OECD report a detailed analysis of this expressed the opposite view, demonstrates the economic growth in Asia is an opportunity for the region, and only one of the few South American countries face a bitter trade of China and India competition. For most South American countries, the scale of foreign trade cannot be compare with China and India. Only Mexico and China exports manufactured goods in the U.S. market (Mexico's main export market) compete. In addition, 19 countries in the region of 11 specialized products export base. The region will increasingly rely on economic growth in Asian markets is expected to continue.
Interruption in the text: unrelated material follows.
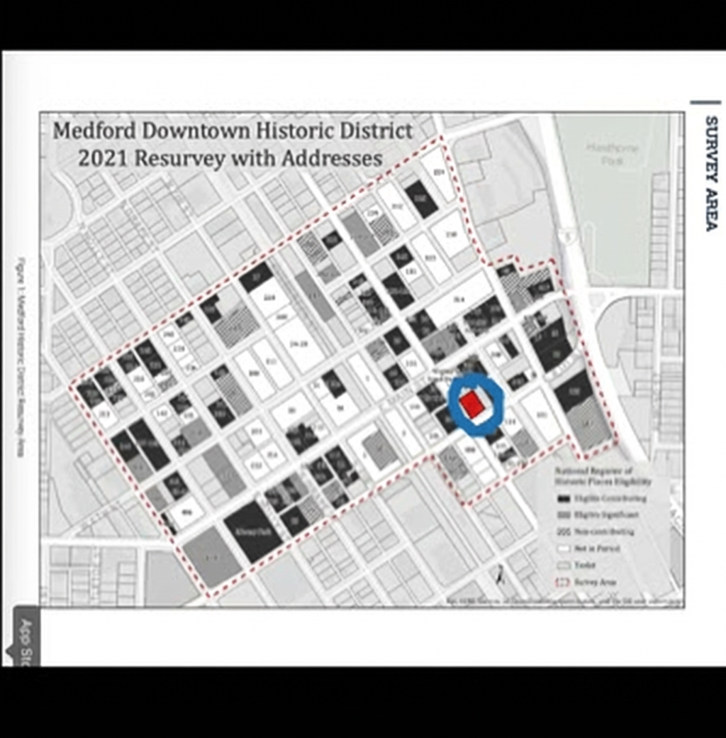 Original Image and Public Record: Circled in blue is the Craterian Theatre.

China and India had similar development strategies prior to their breaking out of their deliberate insulation from the world economy and the ushering in of market-oriented economic reforms and liberalization. China began reforming its closed, centrally planned, non-market economy in 1978. India always had a large private sector and functioning markets, which were subject to rigid state controls until the hesitant and piecemeal reforms of the 1980s. These became systemic and far broader after India experienced a severe macroeconomic crisis in 1991. The political environments under which reforms were initiated and implemented in the two countries and their consequences were very different (Perlez, 2003, 90-110).
Discussion
The author believes that the Indian economy there are some important features, which to some extent determines the rise of the Indian economy will be a relatively long process. India's economic rise will have some impact the world economy, China's economic development will also have some impact; and with the accelerated economic development of India, the impact of China's economic development will be strengthened; in economic development in China some opportunities, but also the formation of a challenge to China's economic development.
Factors Influencing India's Economy
The economist stepped in at that time, as India's Finance Minister, from the reform of the official opening tour of India, after independence in India to promote free market policies and the implementation of the first people. Singh in the face of strong resistance to the implementation of firm privatization, deregulation, tariff reduction, the introduction of foreign direct investment, opening up the domestic stock market and to the Indian rupee achieved in the current account convertibility. The conventional market-oriented economic policy was not only in India out of deep financial crisis, and created ...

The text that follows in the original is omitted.